_Exercise prompt_:
From the records below, transcribe only the lines running from the one with "PAN MIĘSKO Cielęcina" through the one with "주의사항: LRHC는 시가총액이". Keep both of those end lines.

_Input data_:
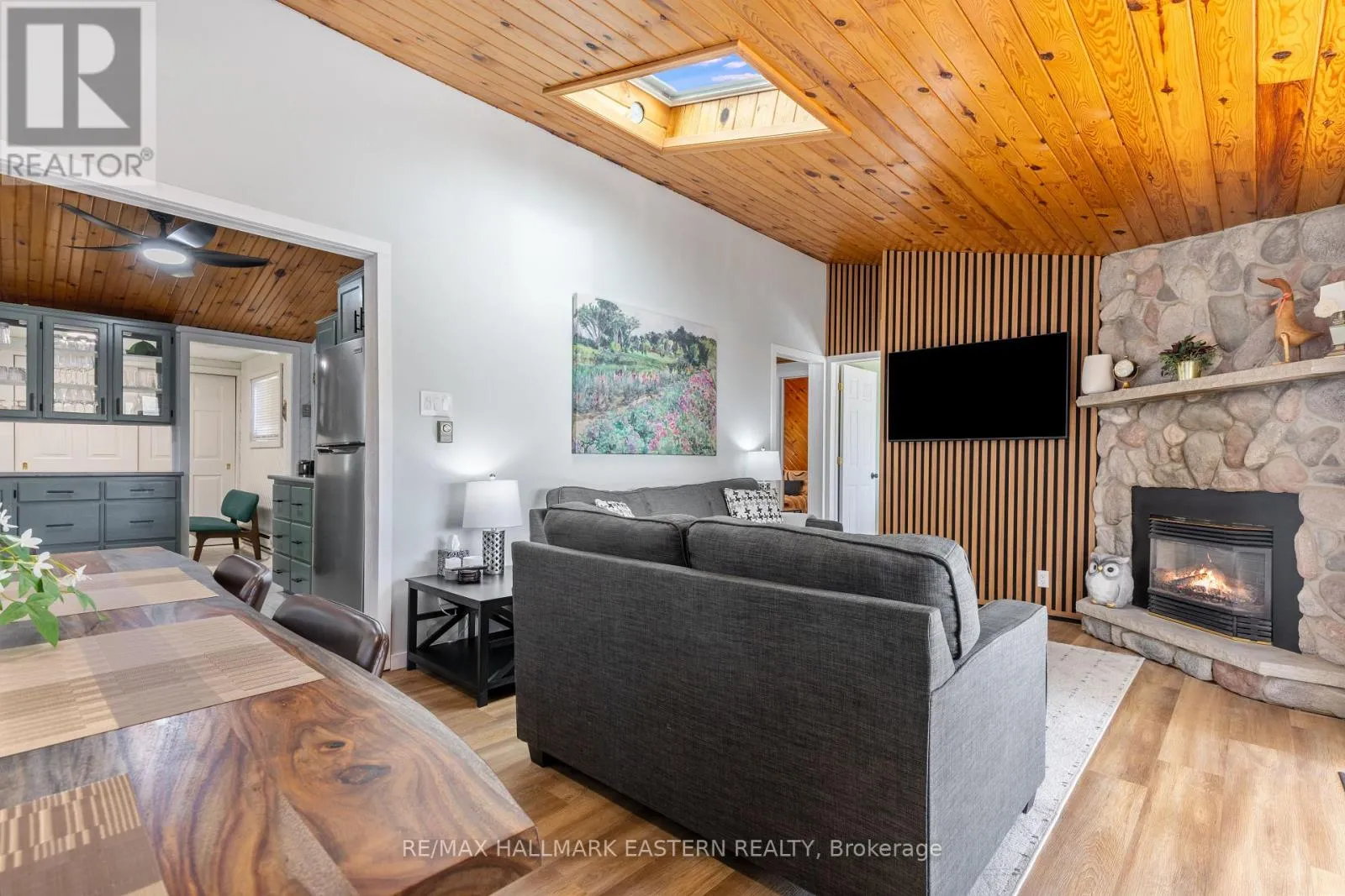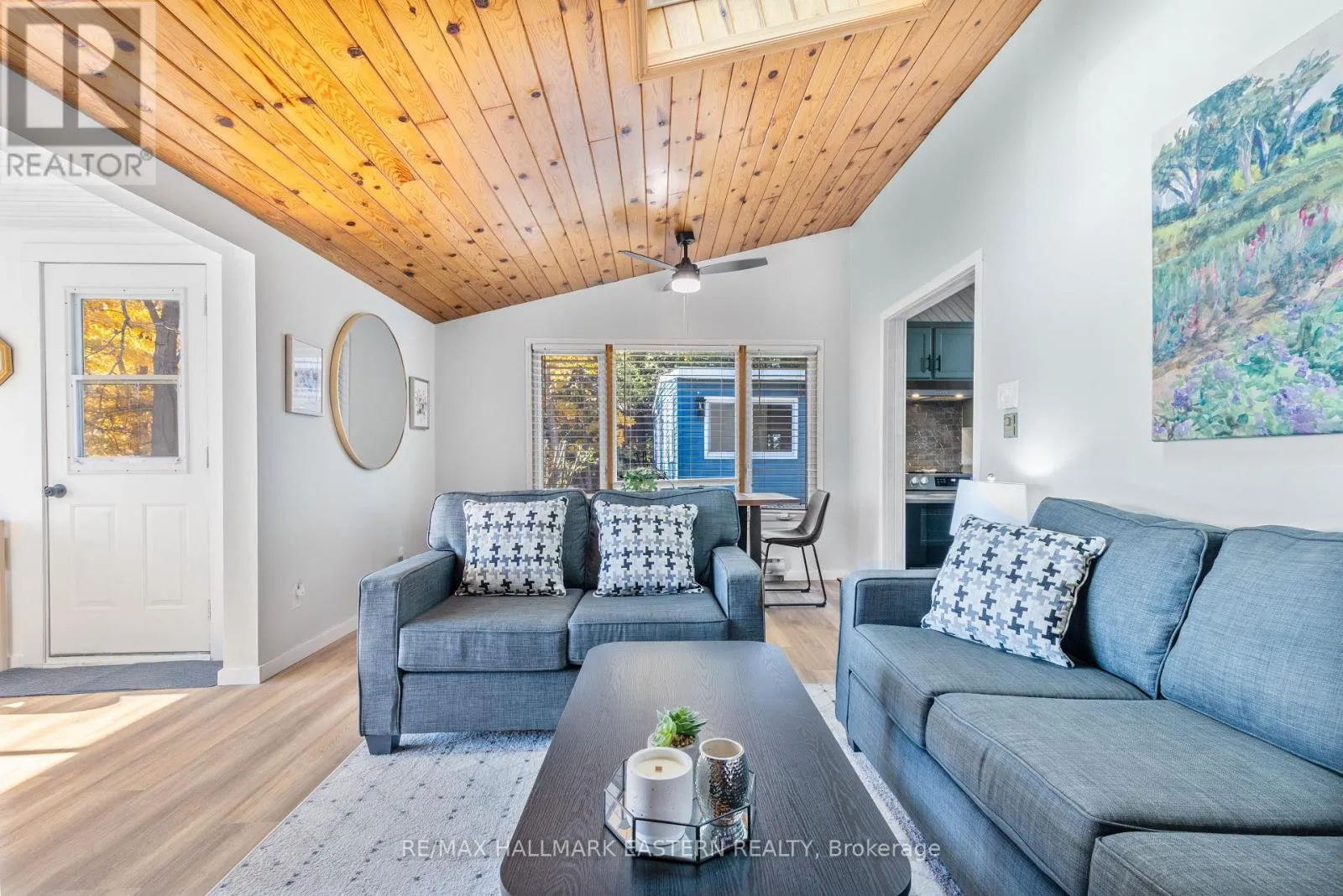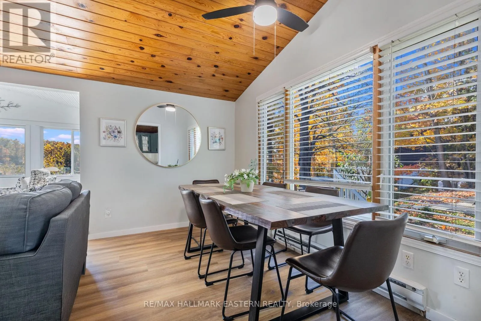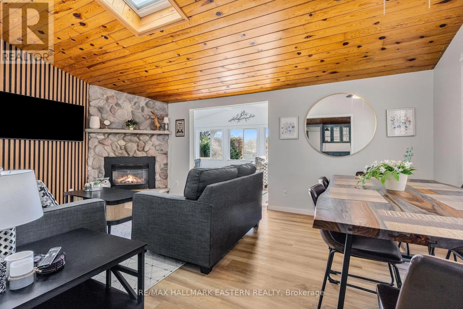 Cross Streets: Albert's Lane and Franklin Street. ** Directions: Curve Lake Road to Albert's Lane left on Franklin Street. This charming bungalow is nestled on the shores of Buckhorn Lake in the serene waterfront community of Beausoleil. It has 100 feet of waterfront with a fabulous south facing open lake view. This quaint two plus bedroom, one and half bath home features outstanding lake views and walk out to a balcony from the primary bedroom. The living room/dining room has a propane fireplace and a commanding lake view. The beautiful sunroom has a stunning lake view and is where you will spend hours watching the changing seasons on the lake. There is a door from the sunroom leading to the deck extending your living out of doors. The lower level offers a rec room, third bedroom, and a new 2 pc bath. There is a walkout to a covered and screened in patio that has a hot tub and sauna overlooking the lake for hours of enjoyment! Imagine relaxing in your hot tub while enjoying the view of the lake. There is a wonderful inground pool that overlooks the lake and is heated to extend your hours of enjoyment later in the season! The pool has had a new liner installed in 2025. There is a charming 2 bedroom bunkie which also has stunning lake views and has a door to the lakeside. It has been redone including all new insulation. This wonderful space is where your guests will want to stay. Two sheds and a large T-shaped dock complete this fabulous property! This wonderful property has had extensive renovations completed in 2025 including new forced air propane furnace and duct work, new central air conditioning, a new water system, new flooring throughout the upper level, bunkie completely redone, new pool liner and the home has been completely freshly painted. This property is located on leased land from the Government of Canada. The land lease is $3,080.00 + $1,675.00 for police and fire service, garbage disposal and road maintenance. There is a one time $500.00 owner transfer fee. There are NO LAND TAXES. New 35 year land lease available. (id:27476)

==

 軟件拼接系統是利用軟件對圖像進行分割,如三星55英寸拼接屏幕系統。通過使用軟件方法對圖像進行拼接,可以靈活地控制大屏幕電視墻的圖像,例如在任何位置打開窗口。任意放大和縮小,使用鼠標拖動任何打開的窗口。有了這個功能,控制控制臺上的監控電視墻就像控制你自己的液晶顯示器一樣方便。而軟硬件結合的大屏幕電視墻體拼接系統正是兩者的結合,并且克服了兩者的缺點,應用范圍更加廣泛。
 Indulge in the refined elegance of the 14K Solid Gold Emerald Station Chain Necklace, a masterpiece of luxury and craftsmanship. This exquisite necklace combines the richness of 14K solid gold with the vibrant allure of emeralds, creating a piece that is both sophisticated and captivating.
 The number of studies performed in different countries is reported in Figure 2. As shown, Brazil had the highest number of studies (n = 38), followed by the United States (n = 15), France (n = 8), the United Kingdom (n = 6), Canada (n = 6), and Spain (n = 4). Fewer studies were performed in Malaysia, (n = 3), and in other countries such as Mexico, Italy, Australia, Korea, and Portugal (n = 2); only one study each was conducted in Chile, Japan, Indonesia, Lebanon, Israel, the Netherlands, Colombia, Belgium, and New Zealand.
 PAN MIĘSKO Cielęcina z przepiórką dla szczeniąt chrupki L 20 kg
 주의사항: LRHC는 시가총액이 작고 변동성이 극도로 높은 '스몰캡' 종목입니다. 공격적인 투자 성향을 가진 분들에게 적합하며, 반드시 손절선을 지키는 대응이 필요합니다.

_Result_:
 PAN MIĘSKO Cielęcina z przepiórką dla szczeniąt chrupki L 20 kg
 주의사항: LRHC는 시가총액이 작고 변동성이 극도로 높은 '스몰캡' 종목입니다. 공격적인 투자 성향을 가진 분들에게 적합하며, 반드시 손절선을 지키는 대응이 필요합니다.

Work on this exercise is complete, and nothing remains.